According to an embodiment of the present invention, there is also provided a computer product including instructions for performing base recognition, which, when the program is executed by a computer, cause the computer to perform the method of base recognition in the above-described embodiment of the present invention.
By using the base identification method, the base identification device, the computer-readable storage medium and/or the computer product, the type of the base combined with the template nucleic acid can be identified during the base extension reaction based on the constructed speckle set corresponding to the sequencing template, and the method can be used for realizing accurate determination of the template nucleic acid sequence.

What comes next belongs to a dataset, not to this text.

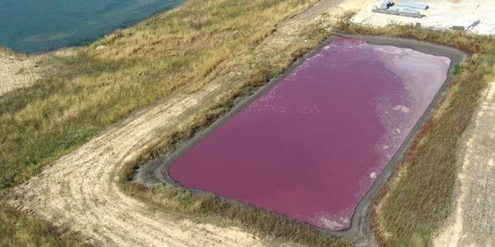 Long, convoluted, infuriating story short, a judge issued a temporary injunction in October 2008, forcing Bos to halt construction. But the temporary injunction didn't hold the project off for long; in 2009, the trial court entered an order in favor of A.J. Bos denying HOMES' request for a permanent injunction. In the meantime, the uncovered silage began to ferment, creating an acidic leachate that seeped from the CAFO site, polluting nearby surface waters and likely groundwater. HOMES and other activists diligently monitored these illegal discharges and documented major water pollution events, the most notable of which caused a tributary to the Apple River to turn purple (seriously; see photos from HOMES).

Additional aspects and advantages of embodiments of the invention will be set forth in part in the description which follows and, in part, will be obvious from the description, or may be learned by practice of embodiments of the invention.
Drawings
FIG. 1 is a schematic flow chart of a method for image-based construction of a sequencing template in an embodiment of the invention.
Fig. 2 is a schematic diagram of combining and merging images Repeat1, Repeat5, Repeat6 and Repeat7 based on a hot spot to construct a sequencing template in an embodiment of the present invention.
FIG. 3 is a schematic diagram of a rectification process and a rectification result in an embodiment of the present invention.
FIG. 4 is a diagram of a matrix corresponding to candidate hot spots and associated pixels in accordance with an embodiment of the present invention.
Fig. 5 is a schematic diagram of pixel values in a range of m1 × m2 centered on a central pixel point of the pixel point matrix according to the embodiment of the present invention.
Fig. 6 is a schematic diagram illustrating comparison between bright spot detection results before and after the determination according to the second bright spot detection threshold in the embodiment of the present invention.
FIG. 7 is a schematic diagram of an apparatus for constructing a sequencing template based on an image according to an embodiment of the present invention.
Detailed Description
Reference will now be made in detail to embodiments of the present invention, examples of which are illustrated in the accompanying drawings, wherein like or similar reference numerals refer to the same or similar elements or elements having the same or similar function throughout. The embodiments described below with reference to the accompanying drawings are illustrative only for the purpose of explaining the present invention, and are not to be construed as limiting the present invention.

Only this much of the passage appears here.